Parks: TV Everywhere to reach more than 80% of North American pay-TV subscribers in 2011
Market research and analysis firm Park Associates estimates that “TV Everywhere” services will be available to 81% of U.S. and Canadian pay-TV subscribers through their current service provider by the middle of this year.
Market research and analysis firm Park Associates estimates that “TV Everywhere” services will be available to 81% of U.S. and Canadian pay-TV subscribers through their current service provider by the middle of this year. The prediction is contained Parks Associates’ new report, TV Everywhere: Growth, Solutions, and Strategies.
U.S. TV service providers in particular have moved aggressively as consumer data show multiscreen services can help reduce churn and attract younger subscribers. Nearly 40% of U.S. broadband consumers ages 18-34 find TV Everywhere services very appealing, Parks says.
Globally, service providers are expanding their multiscreen services due to competition from online video sources, the entrance of other operators, and the dramatic increase of online and mobile video usage over the past three years.
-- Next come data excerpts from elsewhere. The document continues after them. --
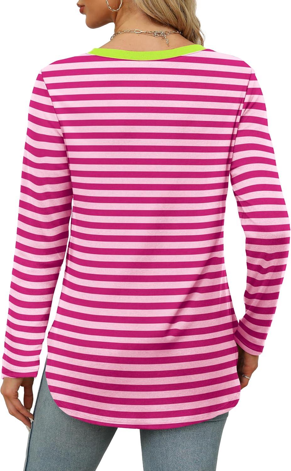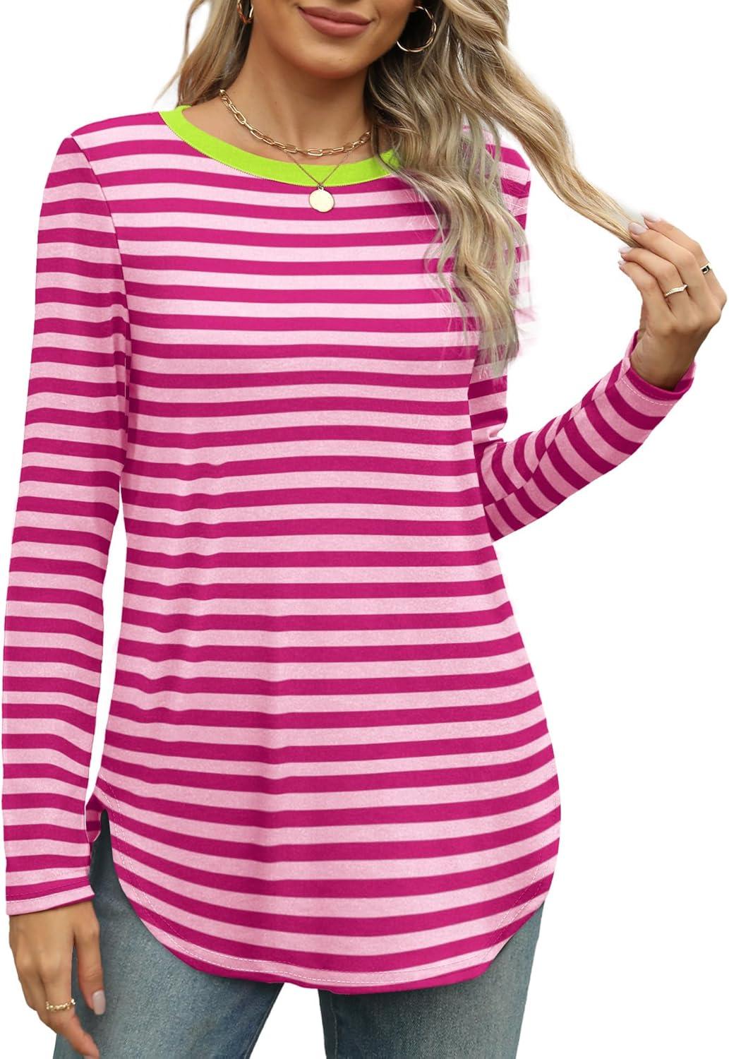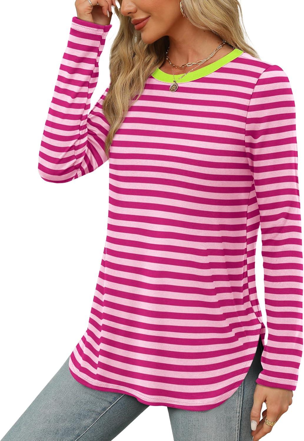 XIEERDUO Womens Long Sleeve Round Neck Shirts Side Split Basic Loose Tunic Tops Casual 2025(Stripe-hot Pink)
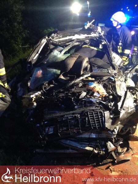 Ein mit hoher Geschwindigkeit fahrender 43-jähriger Lenker eines Audis, fuhr aus bislang unbekannten Gründen auf das Heck eines Anhängers eines vorausfahrenden Lastwagens. Durch die Wucht des Aufpralls wurde der Autofahrer in seinem Fahrzeug eingeklemmt und war vermutlich sofort tot. Er wurde von der Feuerwehr aus dem Fahrzeugwrack geborgen. Weiterhin wurde die Unfallstelle abgesichert und ausgeleuchtet, das weitere Gelände nach einer evtl. zweiten Person abgesucht und auslaufende Flüssigkeiten aufgenommen.
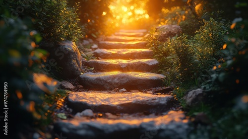 A spiritual ladder to success, with steps symbolizing mindfulness, inner peace, and personal fulfillment, representing a journey of self-discovery.
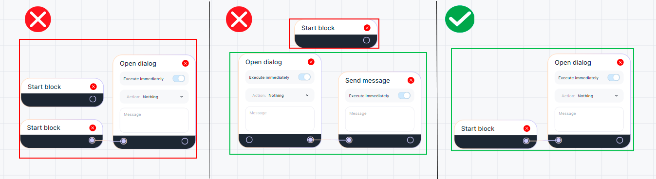6. There can be only one "Open a dialog" block;
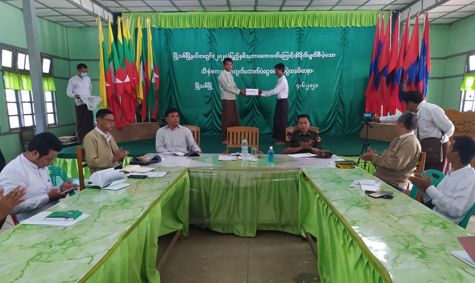 အခမ်းအနားတွင် မြို့နယ်စီမံအုပ်ချုပ်ရေးအဖွဲ့ဥက္ကဌ ဦးကျော်ဝင်းထက်မှ အဖွင့်အမှာစကား ပြောကြားပြီး စိုက်ပျိုးရေးဦးစီးဌာန မြို့နယ်ဦးစီမှူး ဦးဇော်လင်းမှ ၂၀၂၀ ပြည့်နှစ် ၊ ထိခိုက်ပျက်စီး ခဲ့သည့် သီးနှံဧကများအတွက် ထောက်ပံ့ငွေပေးအပ်မှုအခြေအနေများကို ရှင်းလင်းပြောကြားကာ တာဝန်ရှိသူများက ဆူးတပ်ကြီး ၊ ဒန့်ဒလွန်ပင် ၊ ကံဆွယ် ၊ ဂွေးကုန် ၊ မြတ်လေးကုန်းကျေးရွာအုပ်စု များမှတောင်သူ(၁၀၀)ဦးကို မိုးနှမ်း(၁၈၈)ဧက၊ စပါး(၂)ဧက အတွက် စပါး(၁)ဧကလျှင် တစ်သောင်း နှုန်း ၊ နှမ်း(၁)ဧကလျှင် ငါးထောင်နှုန်းဖြင့် ဧက (၁၉၀) အတွက် စုစုပေါင်း ထောက်ပံ့ငွေ(၉)သိန်း(၆) သောင်းကျပ် ပေးအပ်ခဲ့သည်။
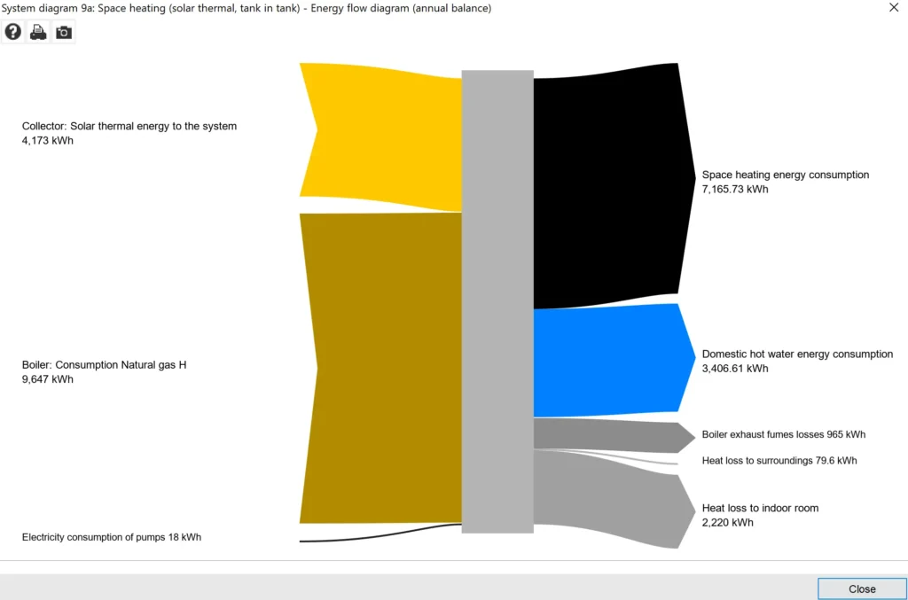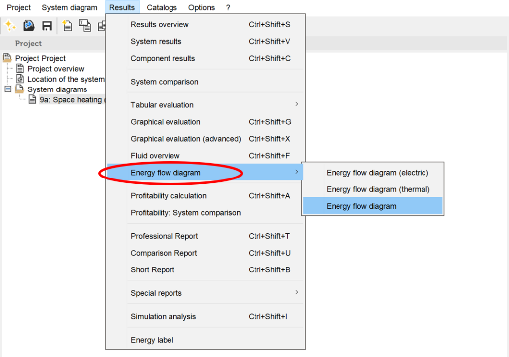 The energy flow diagram is a graphical representation of the energy balance of the designed system. It can be opened in the ‘Results’ tab or by the keyboard command Ctrl+Shift+E.
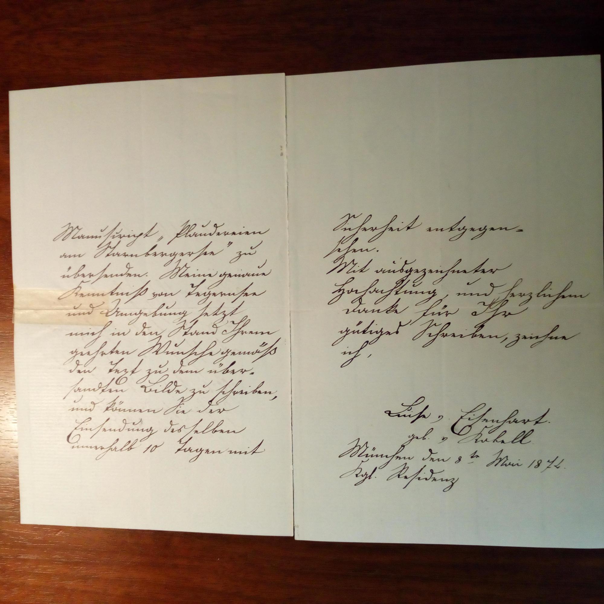 geb. von Kobell, 1827-1901, verh. mit dem Kabinettssekretär von König Ludwig II., August von E., Schriftstellerin und Salonniere, Freundin u.a. von Scheffel - E. Brief mit U., München, Kgl. Residenz 8.5.1872, 3 S. 8°, Klebeband-Stellen. Bedankt sich für den Auftrag, den Text zu einem Bild zu schreiben. Beiliegen: E. Zitat und U., 1 S. 8° ...Die Philosophie hängt vielfach von Gesundheit und Glück ab...", und: E. Manuskript mit U. am Kopf, 1 S. folio, dicht geschr. ("Aus dem Artikel Regierung, Sitten und Gebräuche unter der Königin Elisabeth von England").
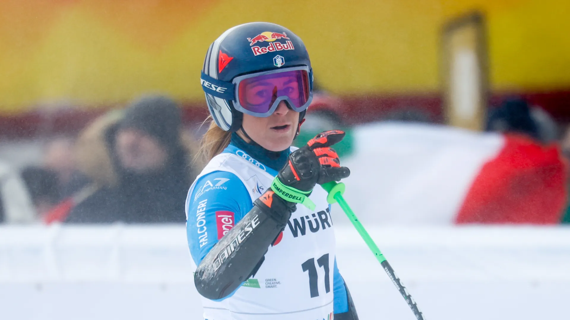 Sofia Goggia on podium in Crans-Montana with tragedy still in mind

"Service providers realize they need to be the consumer's primary source of video content on all platforms," said Brett Sappington, senior analyst at Parks Associates. "In North America and Western Europe in particular, TV Everywhere has moved rapidly from a handful of offerings to widespread availability. Today, operators from all sectors -- telco, cable, and satellite -- now offer online access to VoD or live TV, with several adding support for smartphones and tablets."
In North America, most initiatives are available to subscribers at no additional cost. Comcast has been an early leader in this area, launching Fancast Xfinity TV in December 2009.
However, pay-TV providers in Western Europe, including Sky, Ziggo, and Orange, launched multiscreen services prior to their North American counterparts, with some offering services as early as 2006. But activity in TV Everywhere services has picked up significantly over the past year. Today, 40% of subscribers in Western Europe can receive a multiscreen service from their current pay-TV provider, according to the report.
Multiscreen services in other regions are only now emerging, the report adds. Twelve percent of pay-TV subscribers in Eastern Europe can receive a TV Everywhere service from their current provider, with many operators deploying this feature as part of new IP-based systems. Services in South Korea and Japan lag other developed nations due to the ability of mobile phones in those countries to receive TV signals via digital terrestrial broadcasts.
TV Everywhere: Growth, Solutions, and Strategies analyzes the market factors, technologies, and consumer adoption that have contributed to the growth of multiscreen services around the world. The report also examines the issues and trends that will define the future for these services.